DATA:
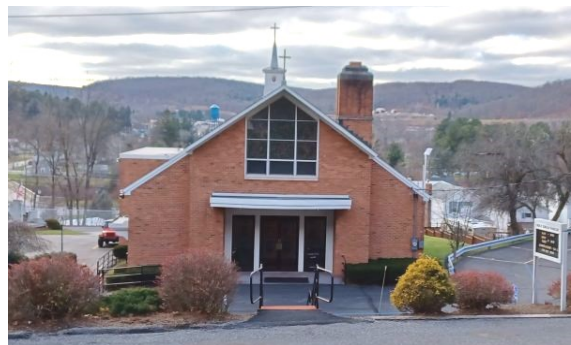
Saint Mary of Częstochowa Church 144 St Mary's St, Blossburg, PA

WEEKEND MASSES SATURDAY 4:00 PM, SUNDAY 11:15 AM
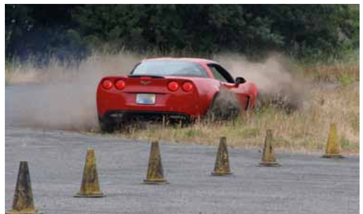
Lesson: "Never go off road with the window down."

WHAT THIS TASK INVOLVES: Retype the listing above exactly, pictures excluded.

RESULT OF THIS TASK:
Saint Mary of Częstochowa Church 144 St Mary's St, Blossburg, PA

WEEKEND MASSES SATURDAY 4:00 PM, SUNDAY 11:15 AM
Lesson: "Never go off road with the window down."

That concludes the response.